— Stored data entries —
════════════════════

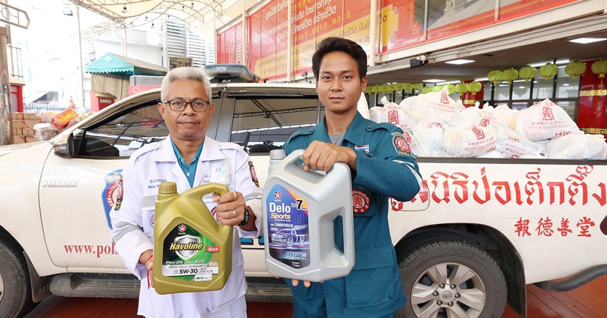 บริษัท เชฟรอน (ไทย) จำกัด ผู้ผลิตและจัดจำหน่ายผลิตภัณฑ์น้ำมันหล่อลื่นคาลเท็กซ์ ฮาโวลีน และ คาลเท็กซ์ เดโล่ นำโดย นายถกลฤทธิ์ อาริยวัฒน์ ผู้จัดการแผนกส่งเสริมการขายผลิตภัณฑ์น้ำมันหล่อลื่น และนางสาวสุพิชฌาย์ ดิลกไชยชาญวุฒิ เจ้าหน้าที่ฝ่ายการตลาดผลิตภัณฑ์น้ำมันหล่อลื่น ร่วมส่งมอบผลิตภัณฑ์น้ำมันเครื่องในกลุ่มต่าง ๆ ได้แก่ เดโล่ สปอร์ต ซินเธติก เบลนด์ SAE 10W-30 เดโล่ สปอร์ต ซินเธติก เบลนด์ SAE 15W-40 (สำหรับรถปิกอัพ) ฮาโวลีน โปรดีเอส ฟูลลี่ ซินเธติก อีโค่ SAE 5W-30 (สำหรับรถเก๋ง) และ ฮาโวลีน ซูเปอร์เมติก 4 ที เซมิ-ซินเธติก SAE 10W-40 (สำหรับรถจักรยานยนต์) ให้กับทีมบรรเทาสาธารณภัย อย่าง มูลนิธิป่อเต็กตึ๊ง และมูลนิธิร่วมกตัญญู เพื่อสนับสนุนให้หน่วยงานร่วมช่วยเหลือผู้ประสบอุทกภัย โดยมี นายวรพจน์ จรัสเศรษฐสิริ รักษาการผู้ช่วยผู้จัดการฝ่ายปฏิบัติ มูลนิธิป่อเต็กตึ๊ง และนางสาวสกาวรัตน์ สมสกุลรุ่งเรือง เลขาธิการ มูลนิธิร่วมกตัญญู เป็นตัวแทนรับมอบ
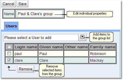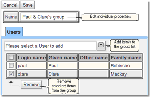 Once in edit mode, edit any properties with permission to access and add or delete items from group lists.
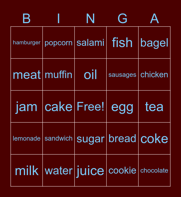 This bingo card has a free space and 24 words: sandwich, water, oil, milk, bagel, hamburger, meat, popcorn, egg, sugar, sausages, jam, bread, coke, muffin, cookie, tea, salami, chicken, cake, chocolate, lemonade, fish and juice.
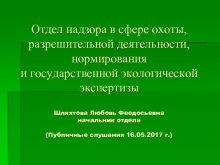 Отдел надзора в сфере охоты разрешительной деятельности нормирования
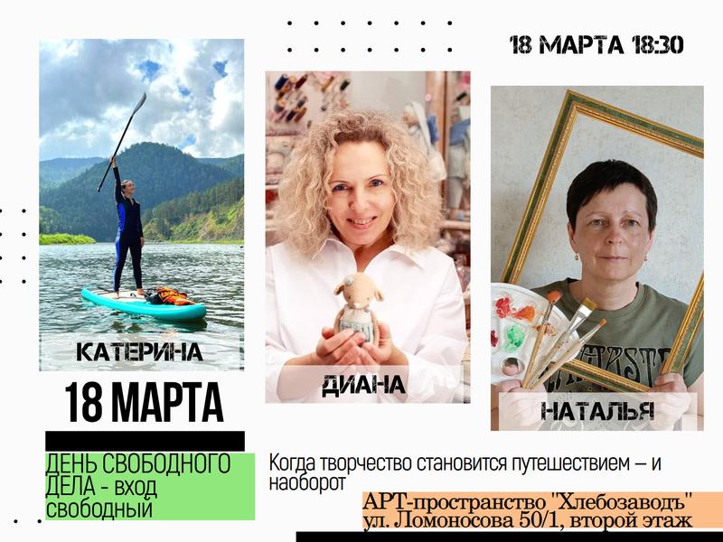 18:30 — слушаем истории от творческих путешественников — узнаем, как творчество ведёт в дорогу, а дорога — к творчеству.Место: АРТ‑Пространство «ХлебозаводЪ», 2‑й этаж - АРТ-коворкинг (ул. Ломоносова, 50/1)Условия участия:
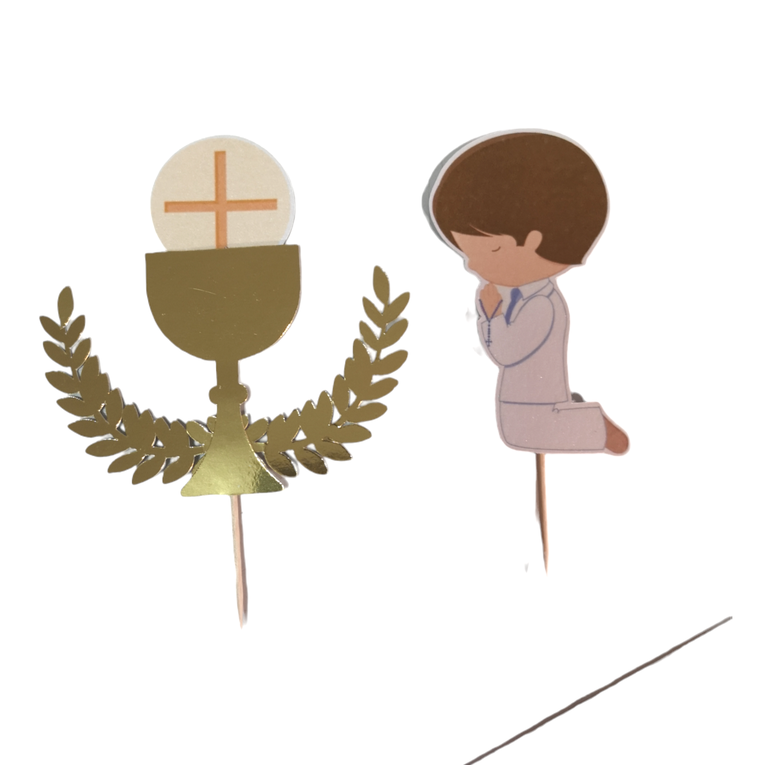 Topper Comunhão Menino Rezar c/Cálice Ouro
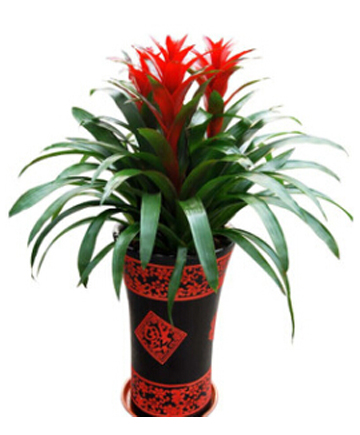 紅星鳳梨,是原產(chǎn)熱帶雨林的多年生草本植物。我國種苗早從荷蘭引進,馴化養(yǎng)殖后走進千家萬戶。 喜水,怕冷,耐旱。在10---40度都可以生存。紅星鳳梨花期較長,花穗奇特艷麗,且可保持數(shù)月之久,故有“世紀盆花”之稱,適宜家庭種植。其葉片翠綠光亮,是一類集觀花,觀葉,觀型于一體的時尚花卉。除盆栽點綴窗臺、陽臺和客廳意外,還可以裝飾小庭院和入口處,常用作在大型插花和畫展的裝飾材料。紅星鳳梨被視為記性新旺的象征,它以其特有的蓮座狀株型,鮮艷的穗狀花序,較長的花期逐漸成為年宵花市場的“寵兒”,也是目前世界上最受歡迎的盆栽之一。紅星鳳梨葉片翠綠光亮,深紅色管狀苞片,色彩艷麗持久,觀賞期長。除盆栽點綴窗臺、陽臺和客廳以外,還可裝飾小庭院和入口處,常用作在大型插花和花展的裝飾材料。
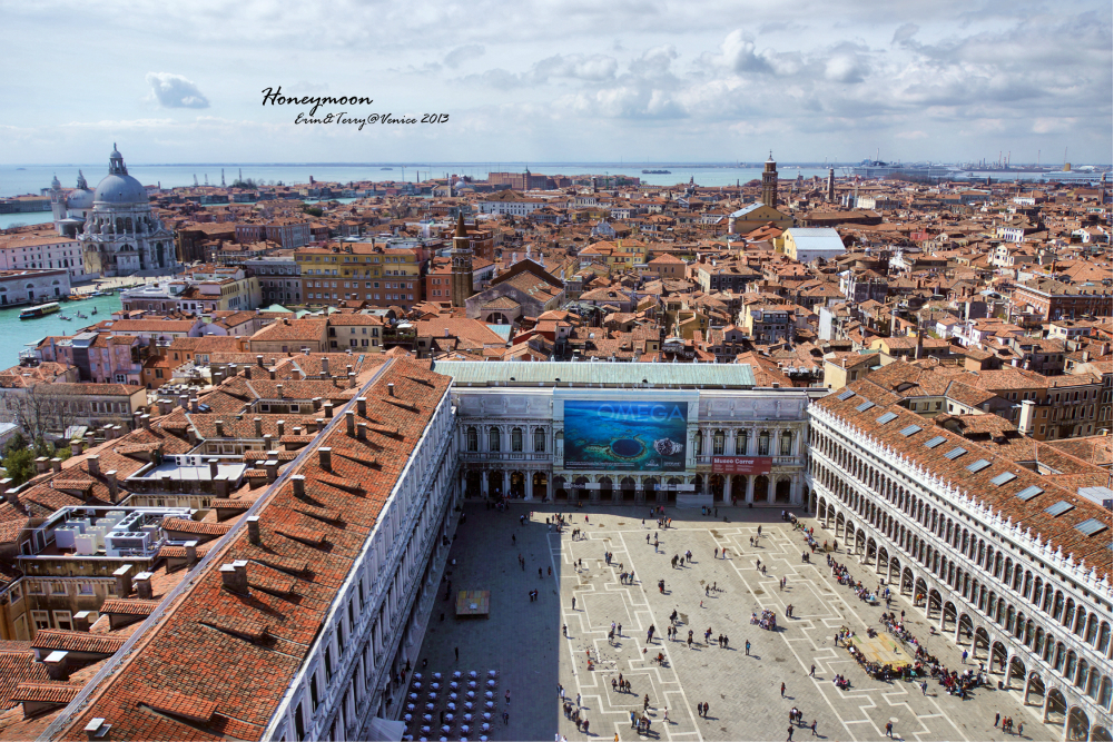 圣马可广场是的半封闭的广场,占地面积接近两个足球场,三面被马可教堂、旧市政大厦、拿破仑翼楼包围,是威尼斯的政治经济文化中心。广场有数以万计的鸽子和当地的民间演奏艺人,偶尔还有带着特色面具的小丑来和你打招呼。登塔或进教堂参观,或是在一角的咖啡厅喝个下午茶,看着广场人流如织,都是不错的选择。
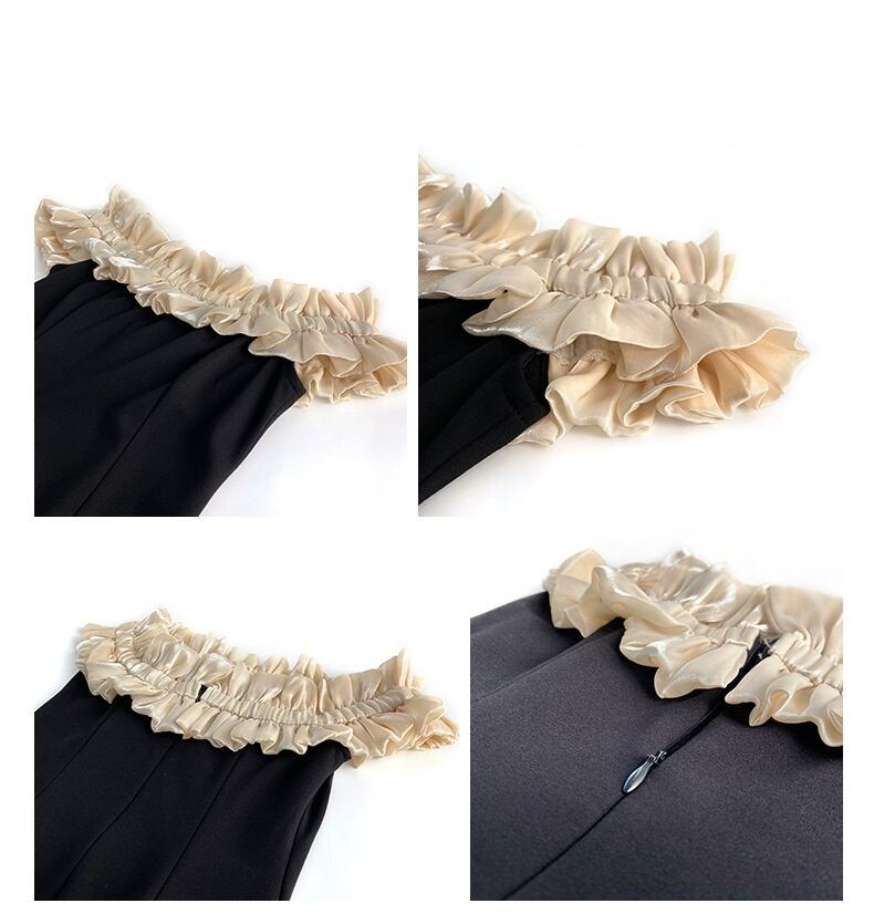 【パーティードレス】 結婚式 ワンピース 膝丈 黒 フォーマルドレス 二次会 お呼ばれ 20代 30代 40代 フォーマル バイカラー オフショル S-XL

════════════════════

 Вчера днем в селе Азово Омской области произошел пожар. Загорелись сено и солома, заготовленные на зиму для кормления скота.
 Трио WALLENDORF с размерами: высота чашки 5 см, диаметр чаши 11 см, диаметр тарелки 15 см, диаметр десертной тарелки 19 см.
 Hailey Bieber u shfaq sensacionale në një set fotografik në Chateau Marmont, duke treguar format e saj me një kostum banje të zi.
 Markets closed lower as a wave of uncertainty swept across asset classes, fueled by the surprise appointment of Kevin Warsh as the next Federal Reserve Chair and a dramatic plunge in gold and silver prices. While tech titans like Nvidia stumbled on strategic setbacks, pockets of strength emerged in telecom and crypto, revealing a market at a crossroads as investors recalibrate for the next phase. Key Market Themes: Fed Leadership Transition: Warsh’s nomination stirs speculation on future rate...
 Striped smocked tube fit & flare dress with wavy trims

════════════════════

— Task objective —
Repeat the entries above verbatim, but only from the line that has "Markets closed lower" down to the line that has "Striped smocked tube", inclusive.

— Task answer —
 Markets closed lower as a wave of uncertainty swept across asset classes, fueled by the surprise appointment of Kevin Warsh as the next Federal Reserve Chair and a dramatic plunge in gold and silver prices. While tech titans like Nvidia stumbled on strategic setbacks, pockets of strength emerged in telecom and crypto, revealing a market at a crossroads as investors recalibrate for the next phase. Key Market Themes: Fed Leadership Transition: Warsh’s nomination stirs speculation on future rate...
 Striped smocked tube fit & flare dress with wavy trims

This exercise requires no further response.